EXERCISE AIM: Transcribe the lines below exactly, beginning with the line that holds "The salmon tent" and ending with the final line, both included. Pictures are to be left out.

____ RECORD EXTRACTS

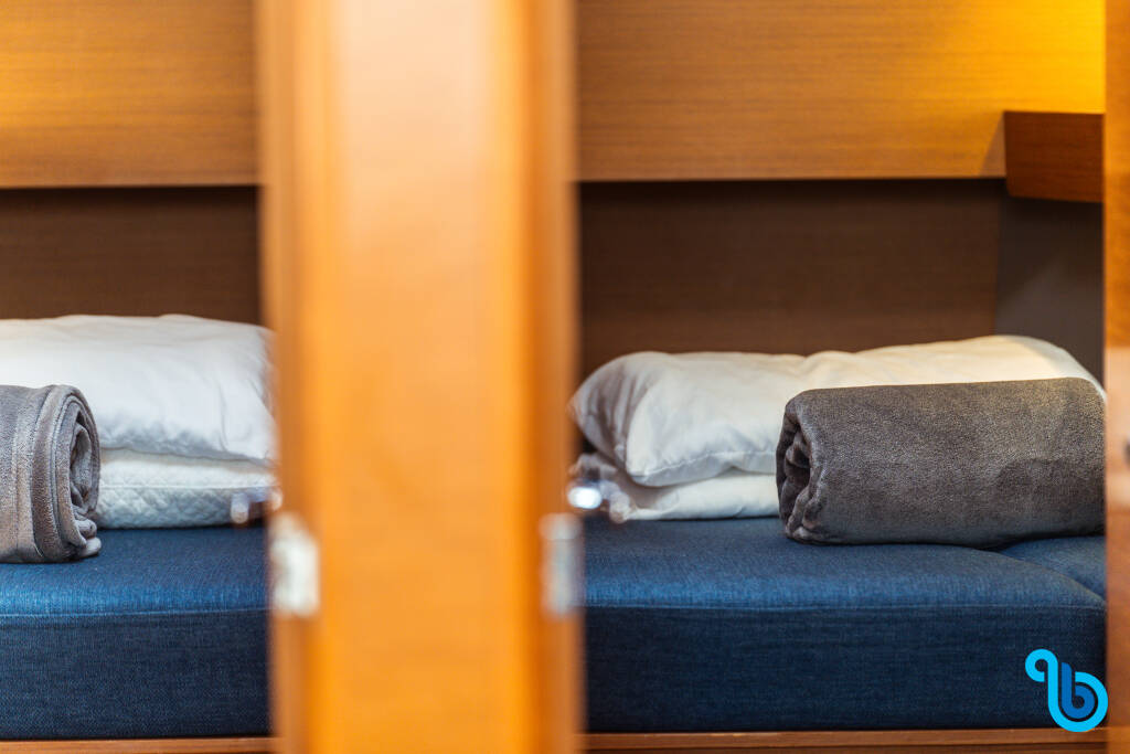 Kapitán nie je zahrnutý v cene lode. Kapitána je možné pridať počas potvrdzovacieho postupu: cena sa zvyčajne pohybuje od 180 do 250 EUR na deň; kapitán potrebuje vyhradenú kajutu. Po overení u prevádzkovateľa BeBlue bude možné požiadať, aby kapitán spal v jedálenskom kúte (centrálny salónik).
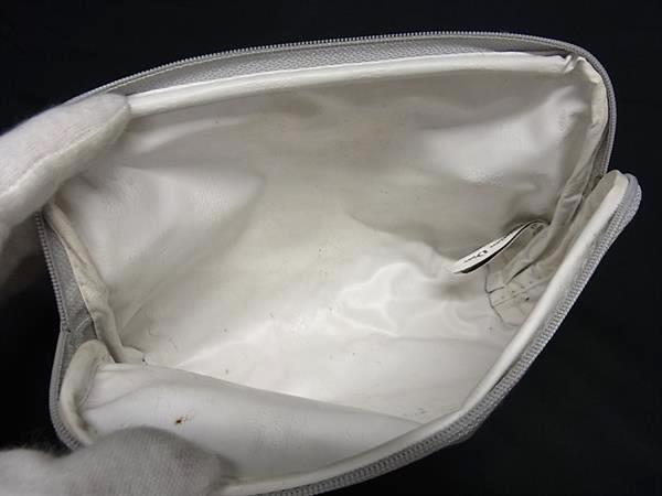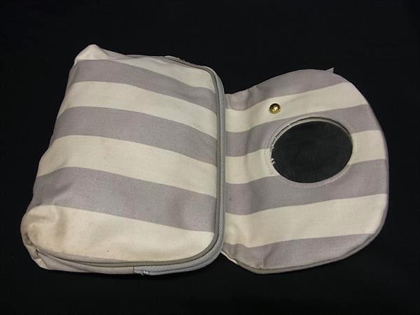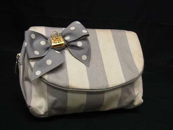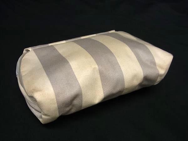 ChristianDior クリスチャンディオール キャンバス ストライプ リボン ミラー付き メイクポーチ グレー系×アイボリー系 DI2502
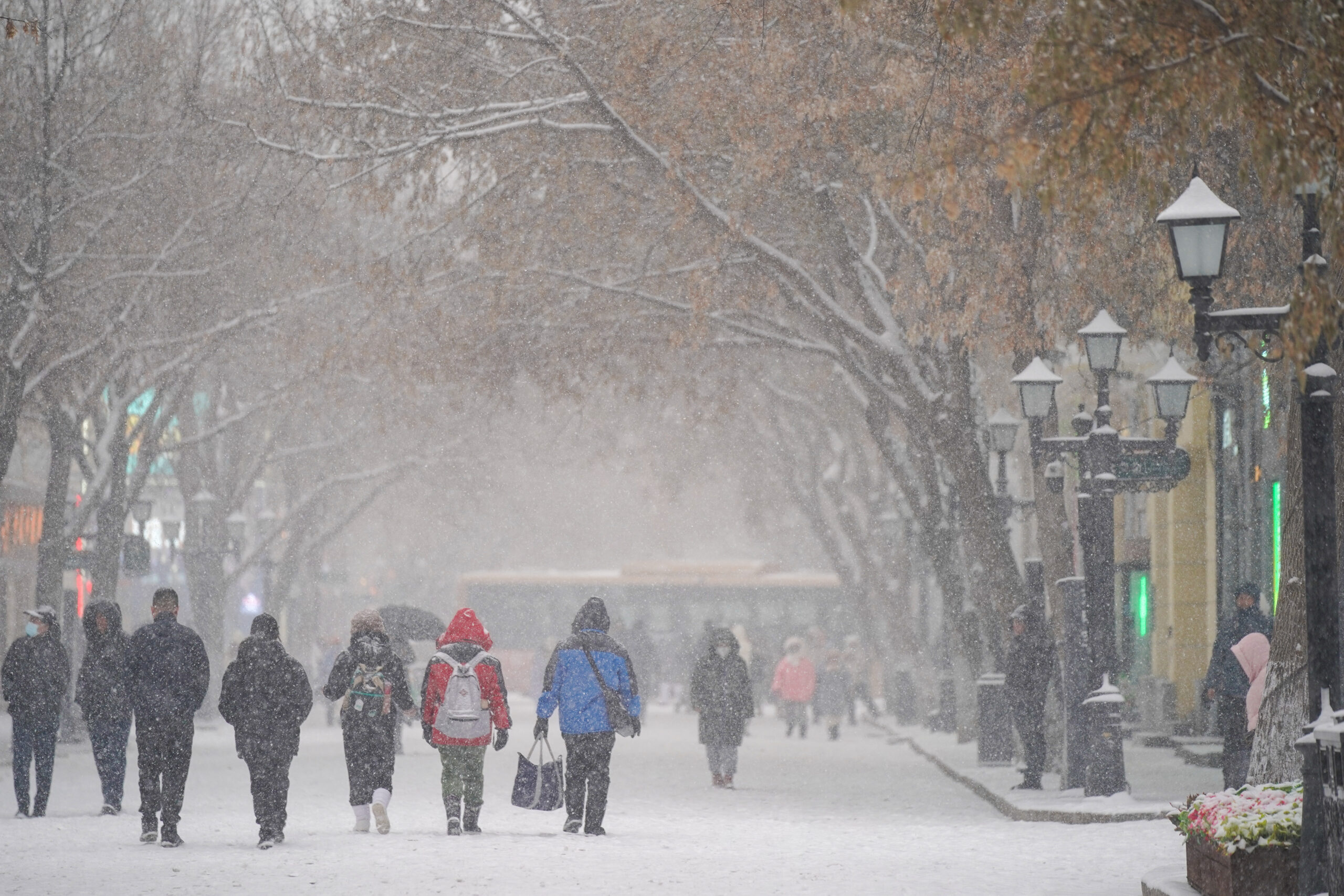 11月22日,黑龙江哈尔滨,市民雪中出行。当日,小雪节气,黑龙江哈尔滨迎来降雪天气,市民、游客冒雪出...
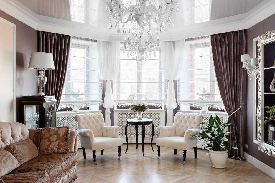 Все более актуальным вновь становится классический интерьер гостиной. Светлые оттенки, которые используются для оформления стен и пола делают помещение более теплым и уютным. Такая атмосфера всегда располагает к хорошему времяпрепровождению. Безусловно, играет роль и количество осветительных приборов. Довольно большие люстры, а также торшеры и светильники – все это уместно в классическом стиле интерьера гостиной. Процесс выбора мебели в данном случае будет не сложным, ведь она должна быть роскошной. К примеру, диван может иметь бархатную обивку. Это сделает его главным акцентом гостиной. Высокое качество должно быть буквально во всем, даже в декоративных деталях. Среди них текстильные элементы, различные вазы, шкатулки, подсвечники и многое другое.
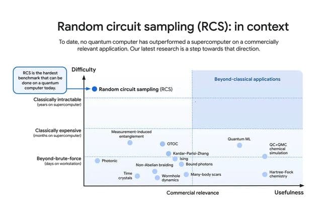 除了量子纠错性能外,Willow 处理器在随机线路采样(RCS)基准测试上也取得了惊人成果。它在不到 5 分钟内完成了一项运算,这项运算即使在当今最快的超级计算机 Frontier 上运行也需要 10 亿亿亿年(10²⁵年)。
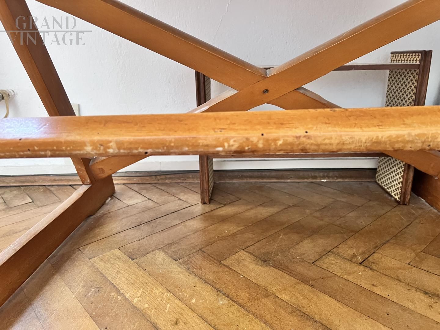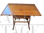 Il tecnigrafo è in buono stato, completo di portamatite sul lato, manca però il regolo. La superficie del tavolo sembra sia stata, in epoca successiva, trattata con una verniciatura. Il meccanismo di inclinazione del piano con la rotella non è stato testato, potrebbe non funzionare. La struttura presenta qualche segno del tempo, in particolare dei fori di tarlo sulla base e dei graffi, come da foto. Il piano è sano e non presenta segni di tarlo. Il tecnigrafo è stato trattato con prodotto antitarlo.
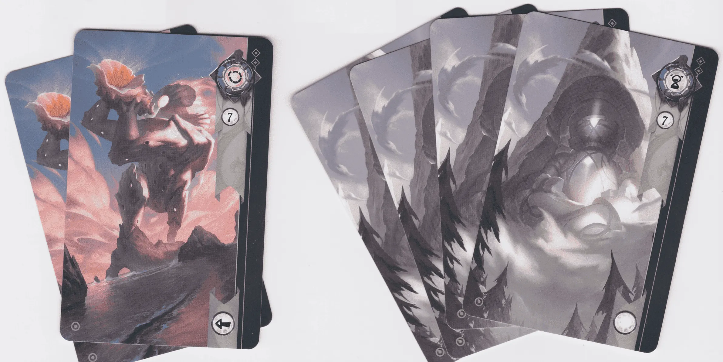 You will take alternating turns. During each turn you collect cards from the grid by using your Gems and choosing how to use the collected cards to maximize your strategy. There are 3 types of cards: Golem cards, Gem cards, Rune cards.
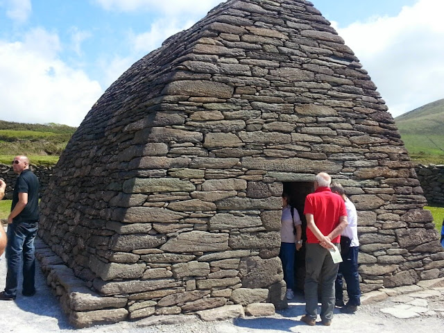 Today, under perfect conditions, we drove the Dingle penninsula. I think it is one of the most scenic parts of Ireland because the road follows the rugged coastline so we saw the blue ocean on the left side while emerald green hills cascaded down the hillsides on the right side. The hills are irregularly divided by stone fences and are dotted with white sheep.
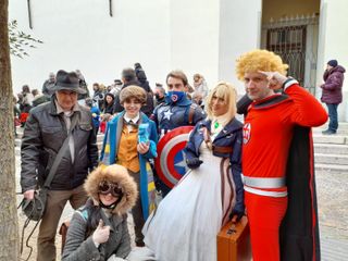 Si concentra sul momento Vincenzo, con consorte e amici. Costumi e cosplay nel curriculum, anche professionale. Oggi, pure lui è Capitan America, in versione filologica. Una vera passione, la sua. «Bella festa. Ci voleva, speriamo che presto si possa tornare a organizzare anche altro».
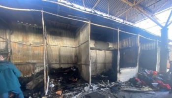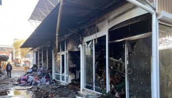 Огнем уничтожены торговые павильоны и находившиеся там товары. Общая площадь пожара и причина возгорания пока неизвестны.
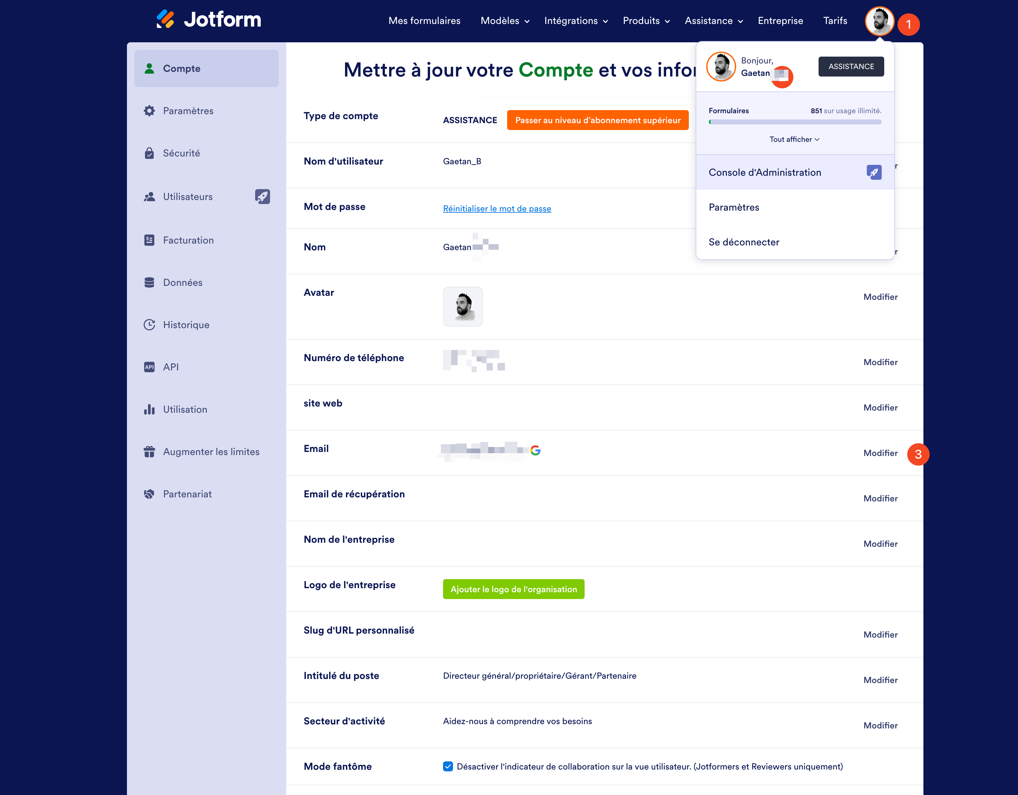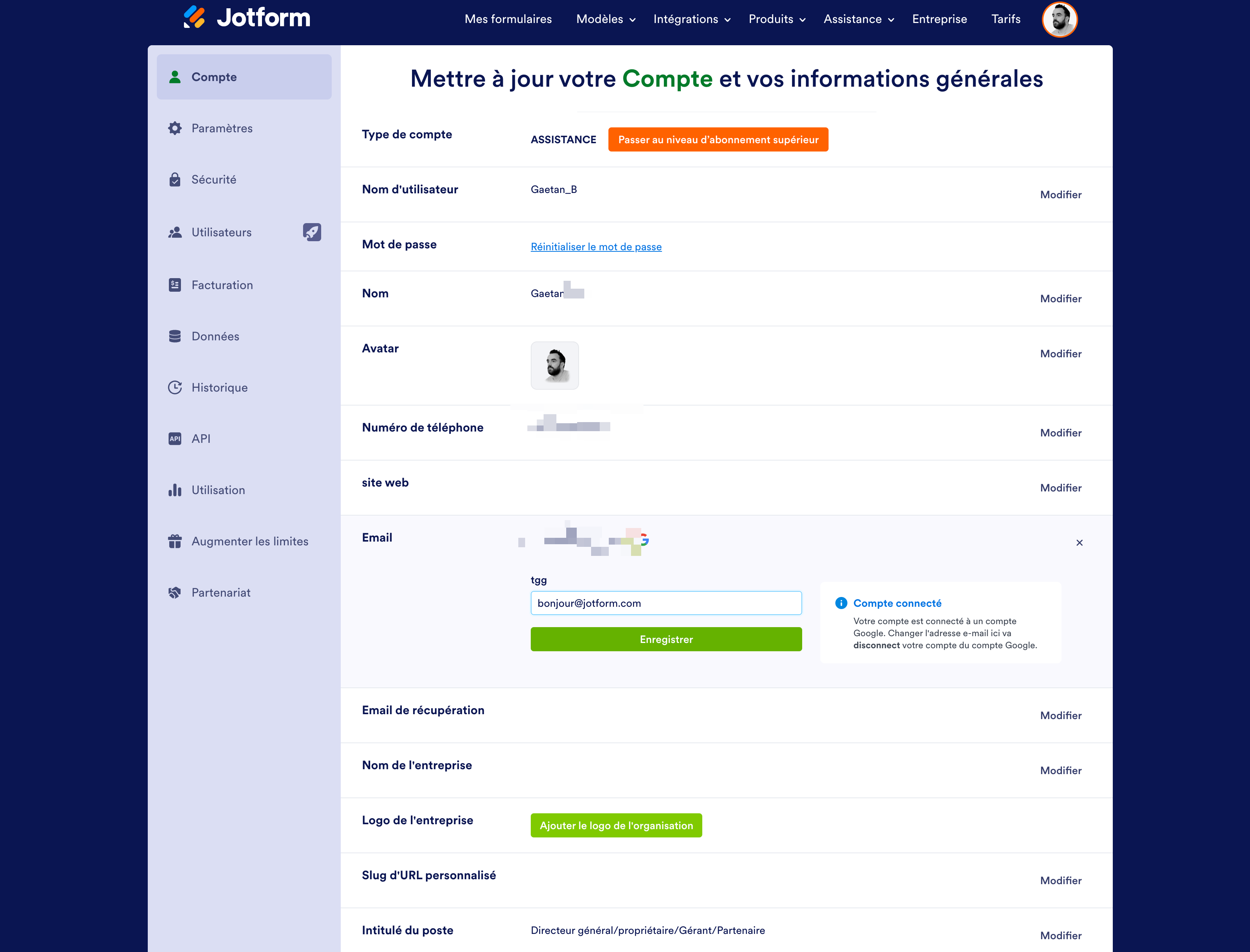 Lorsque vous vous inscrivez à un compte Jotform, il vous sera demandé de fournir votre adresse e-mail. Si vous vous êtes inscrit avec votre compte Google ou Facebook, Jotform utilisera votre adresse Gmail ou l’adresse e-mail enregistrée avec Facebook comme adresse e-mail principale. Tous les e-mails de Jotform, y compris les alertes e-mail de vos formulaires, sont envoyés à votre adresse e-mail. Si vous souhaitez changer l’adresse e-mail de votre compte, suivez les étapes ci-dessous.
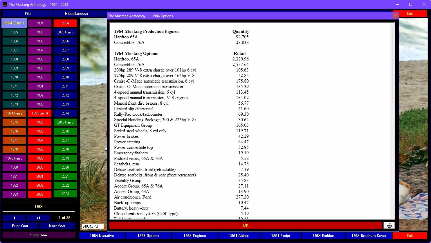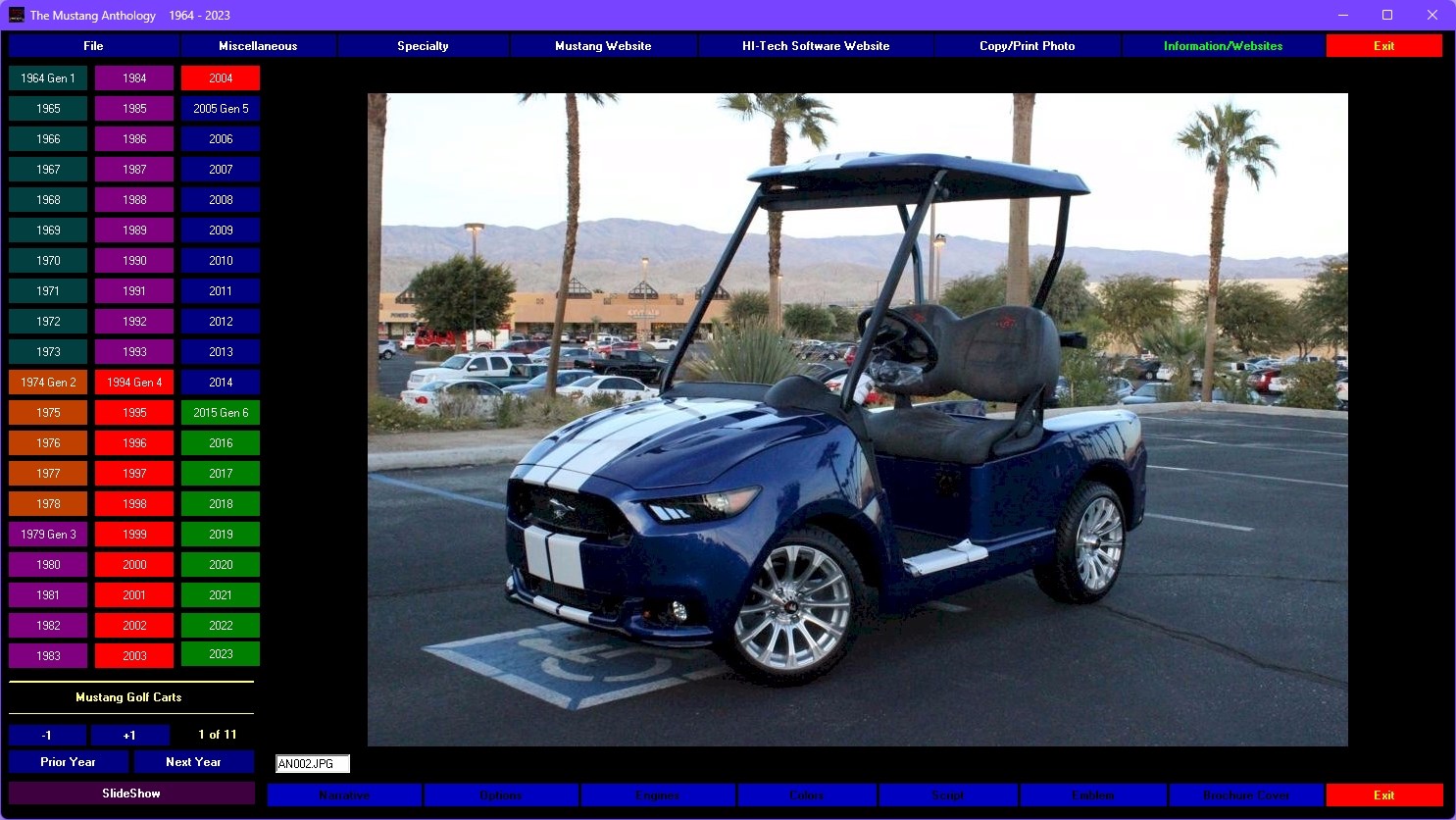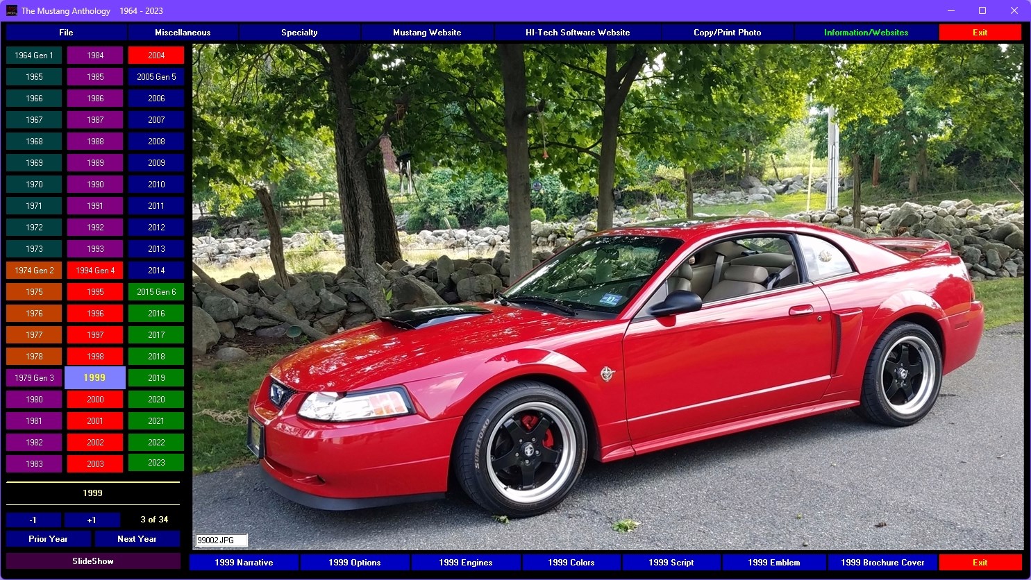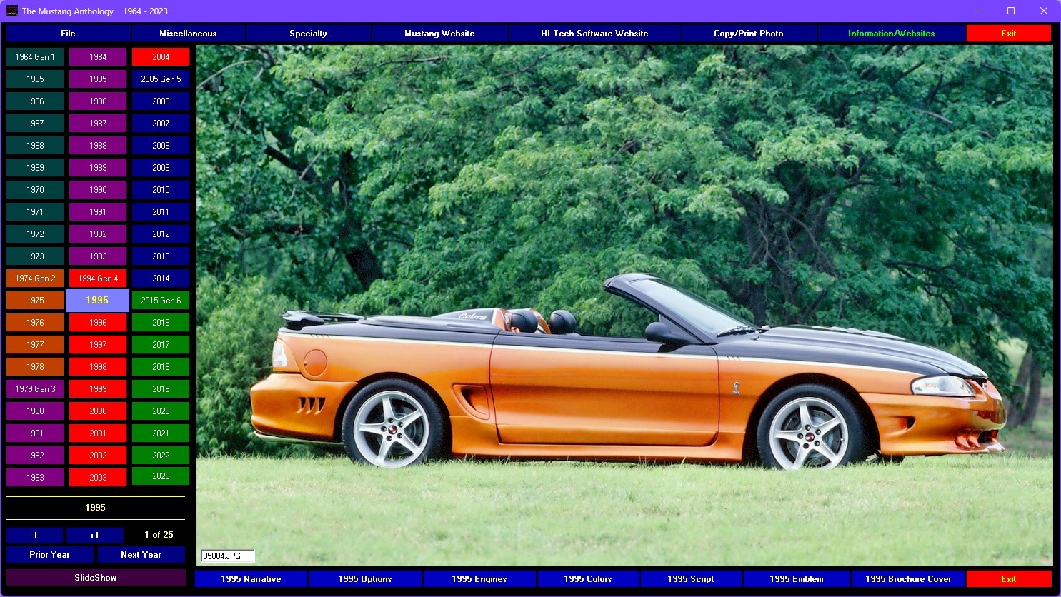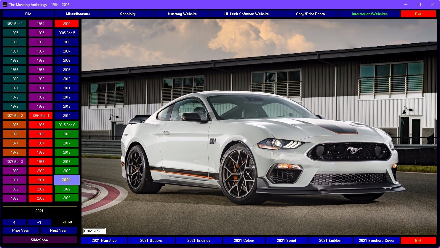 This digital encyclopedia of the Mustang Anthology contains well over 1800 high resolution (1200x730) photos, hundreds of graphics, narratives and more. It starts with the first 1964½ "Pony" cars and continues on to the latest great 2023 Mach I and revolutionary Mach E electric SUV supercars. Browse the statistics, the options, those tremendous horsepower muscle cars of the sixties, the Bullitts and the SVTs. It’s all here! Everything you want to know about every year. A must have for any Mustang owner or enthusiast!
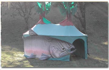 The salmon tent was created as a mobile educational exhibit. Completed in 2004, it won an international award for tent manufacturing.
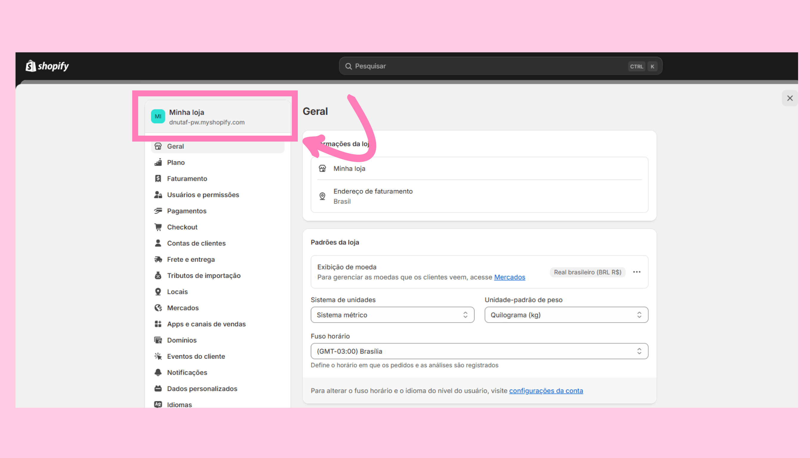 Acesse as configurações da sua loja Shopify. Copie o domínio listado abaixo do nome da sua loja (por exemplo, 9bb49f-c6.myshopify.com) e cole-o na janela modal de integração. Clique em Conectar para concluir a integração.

________

TASK OUTPUT:
 The salmon tent was created as a mobile educational exhibit. Completed in 2004, it won an international award for tent manufacturing.
 Acesse as configurações da sua loja Shopify. Copie o domínio listado abaixo do nome da sua loja (por exemplo, 9bb49f-c6.myshopify.com) e cole-o na janela modal de integração. Clique em Conectar para concluir a integração.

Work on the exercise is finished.